======== Supplied records

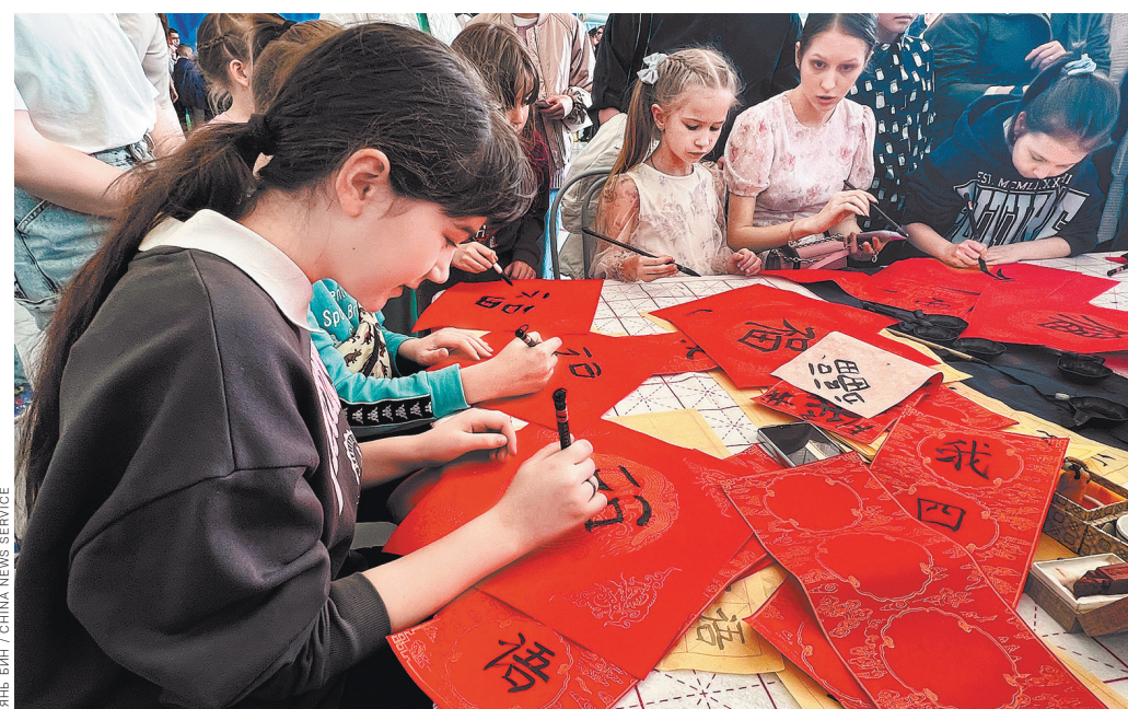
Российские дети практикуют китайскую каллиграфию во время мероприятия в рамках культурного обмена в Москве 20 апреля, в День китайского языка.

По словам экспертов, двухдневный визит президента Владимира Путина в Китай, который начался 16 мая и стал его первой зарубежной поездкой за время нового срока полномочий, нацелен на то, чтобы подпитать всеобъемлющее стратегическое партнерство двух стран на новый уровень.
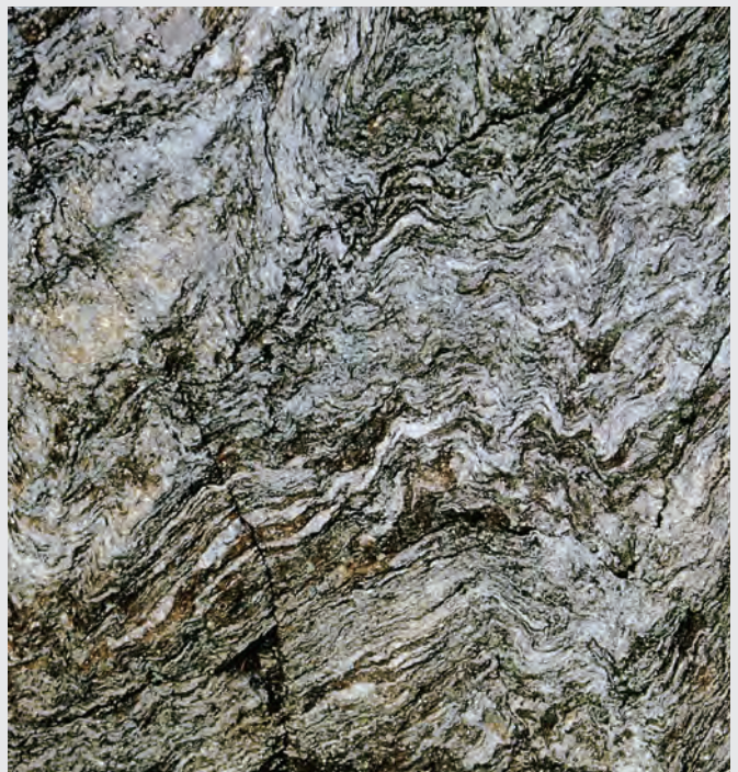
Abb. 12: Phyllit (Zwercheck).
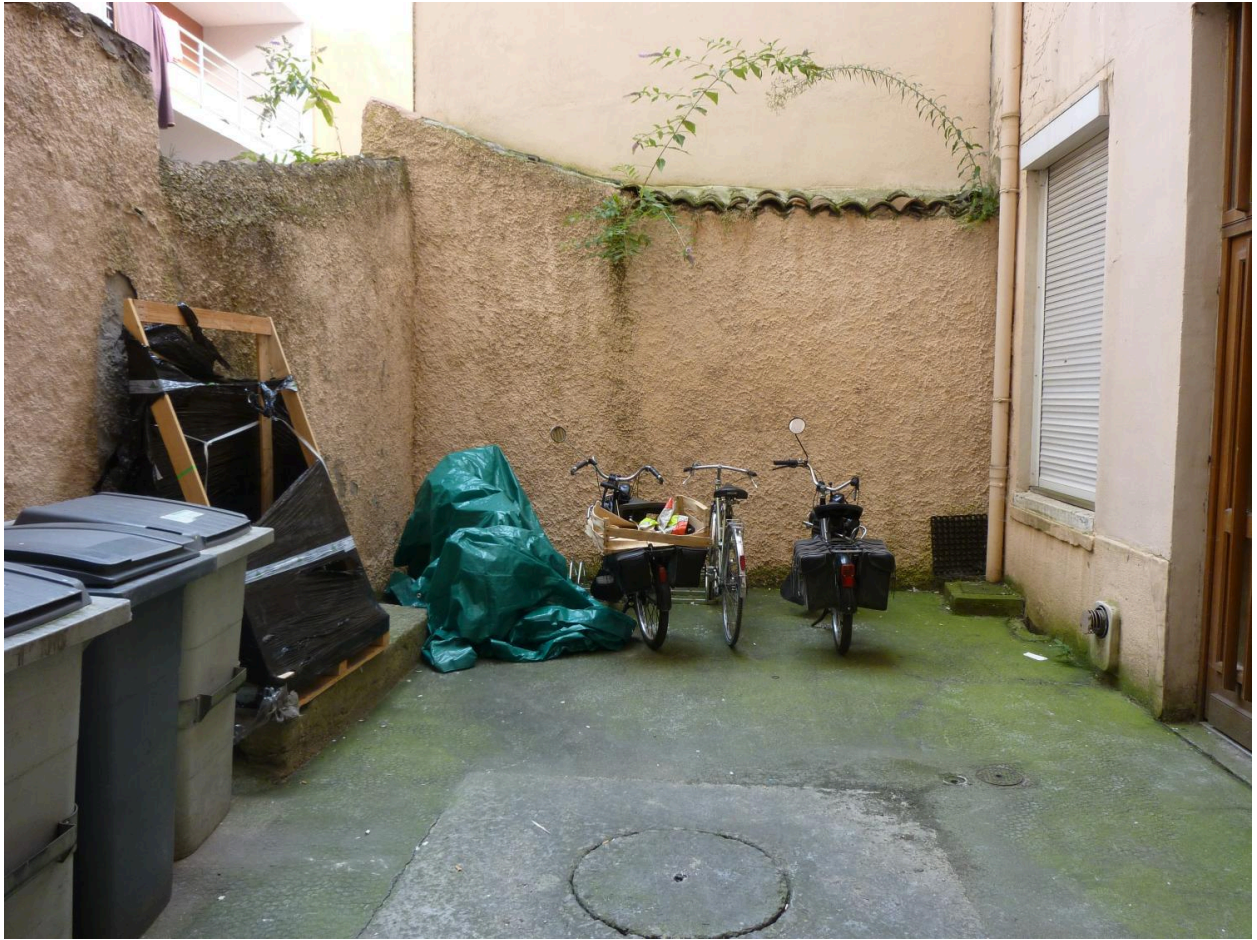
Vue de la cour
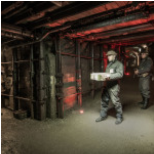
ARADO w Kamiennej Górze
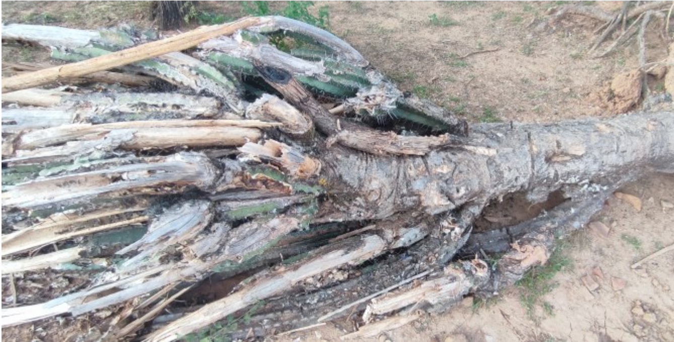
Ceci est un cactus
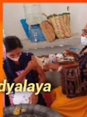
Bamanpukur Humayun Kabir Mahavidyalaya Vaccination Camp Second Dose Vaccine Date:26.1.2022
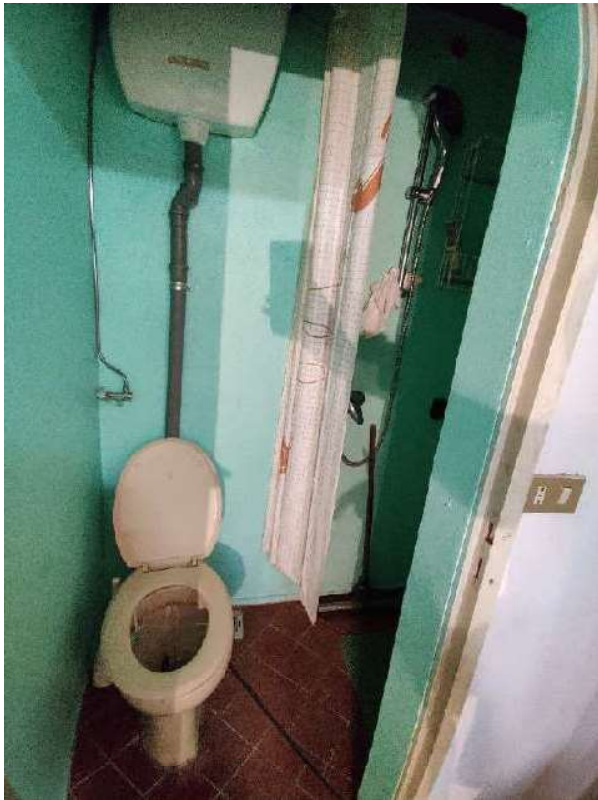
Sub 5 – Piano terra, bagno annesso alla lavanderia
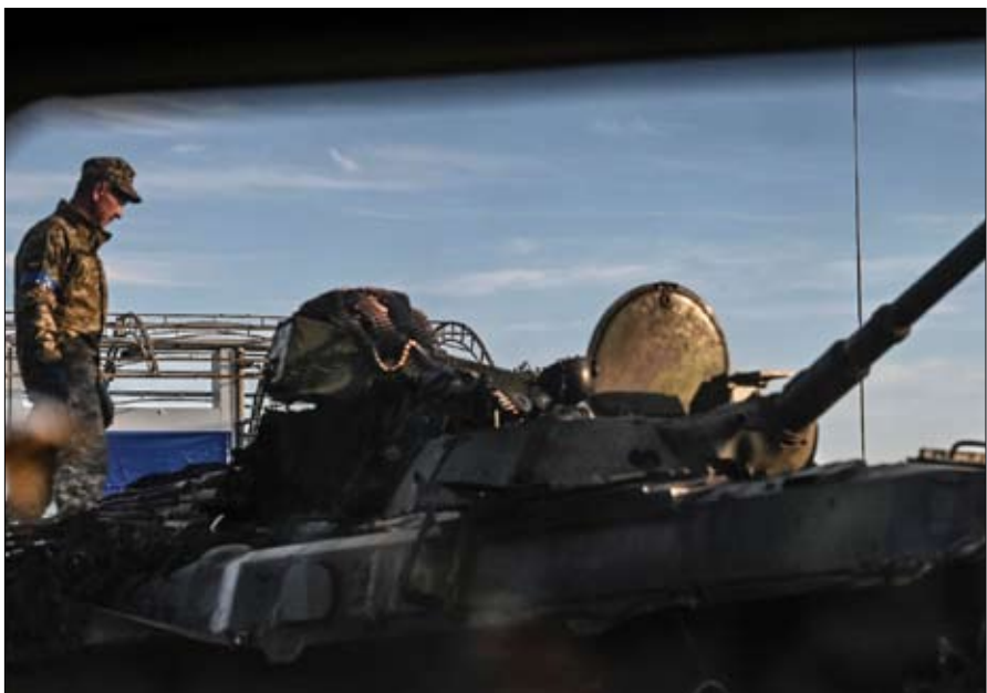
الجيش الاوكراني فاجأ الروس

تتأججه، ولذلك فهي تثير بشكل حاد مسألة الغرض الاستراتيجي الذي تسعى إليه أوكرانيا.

================
======== Supplied records

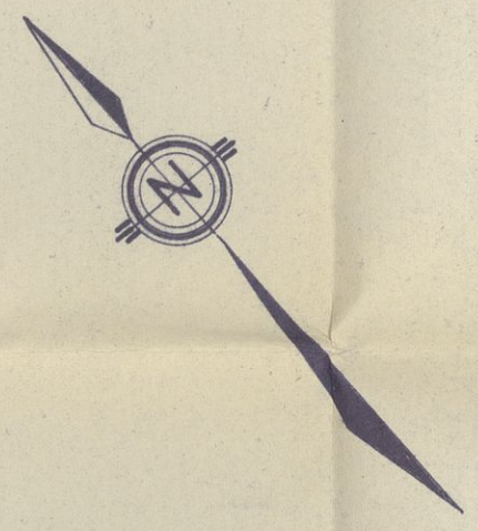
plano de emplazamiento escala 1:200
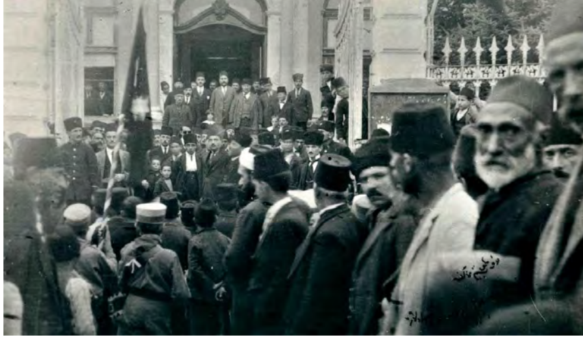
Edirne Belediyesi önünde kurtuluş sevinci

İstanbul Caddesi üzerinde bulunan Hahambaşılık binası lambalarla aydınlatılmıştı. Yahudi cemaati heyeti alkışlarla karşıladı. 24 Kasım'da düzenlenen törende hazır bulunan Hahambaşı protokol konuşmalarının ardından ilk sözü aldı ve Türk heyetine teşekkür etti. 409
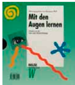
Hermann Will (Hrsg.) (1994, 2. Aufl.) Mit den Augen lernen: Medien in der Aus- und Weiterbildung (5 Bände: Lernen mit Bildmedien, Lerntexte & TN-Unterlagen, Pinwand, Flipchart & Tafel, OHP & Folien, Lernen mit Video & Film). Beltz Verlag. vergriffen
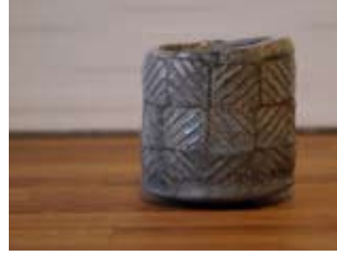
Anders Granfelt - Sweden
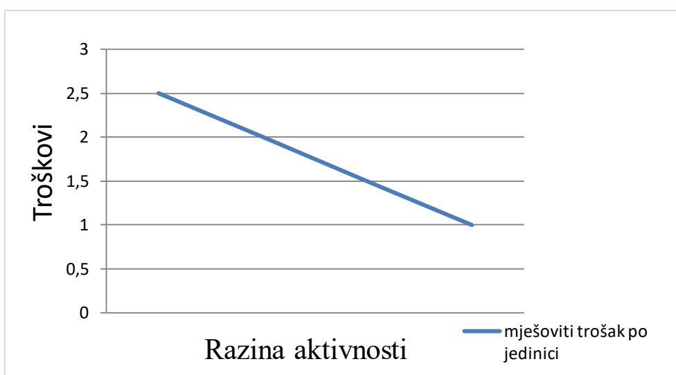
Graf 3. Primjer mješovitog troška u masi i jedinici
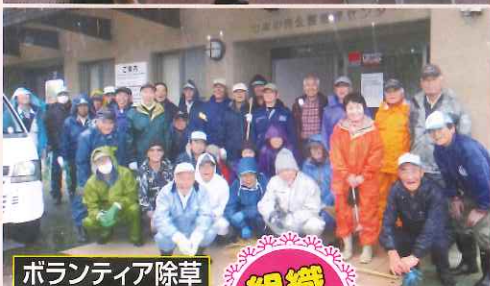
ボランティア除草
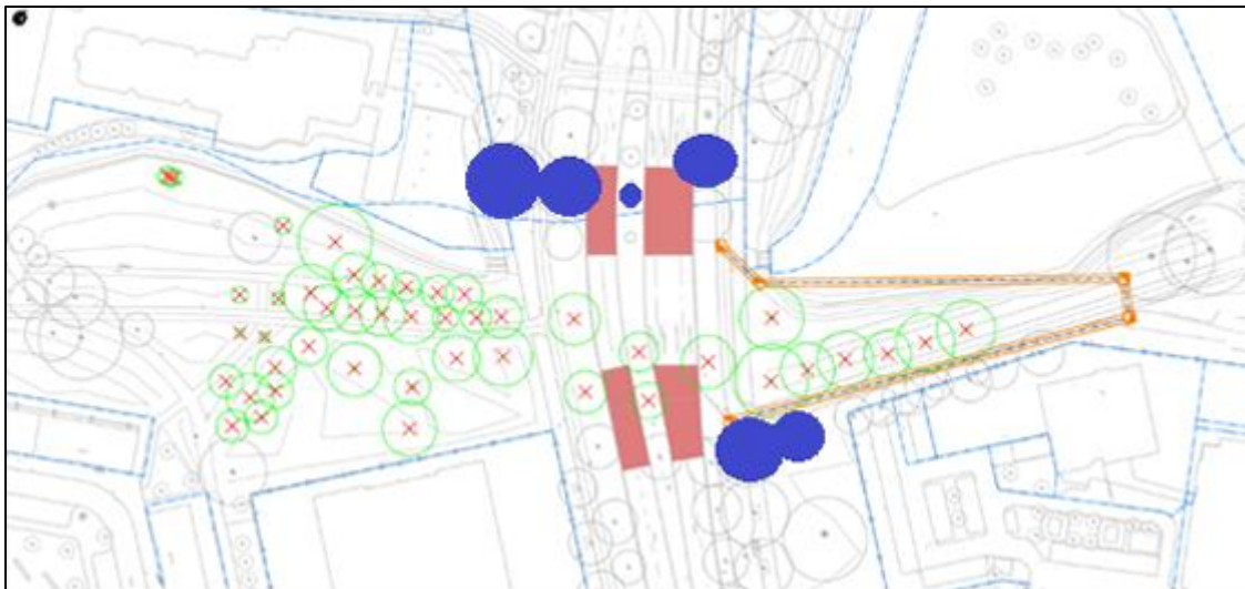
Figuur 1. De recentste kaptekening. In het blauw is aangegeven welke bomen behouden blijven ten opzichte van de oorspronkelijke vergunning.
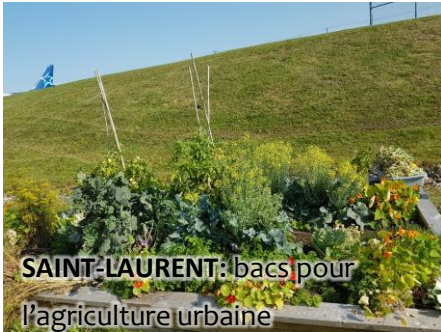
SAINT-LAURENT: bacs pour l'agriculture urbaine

================

▶ **What needs to be done**
From the entries above, extract only the lines running from the one containing "الجيش الاوكراني فاجأ الروس" through the one containing "تتأججه، ولذلك فهي", inclusive.

▶ **Answer**
الجيش الاوكراني فاجأ الروس

تتأججه، ولذلك فهي تثير بشكل حاد مسألة الغرض الاستراتيجي الذي تسعى إليه أوكرانيا.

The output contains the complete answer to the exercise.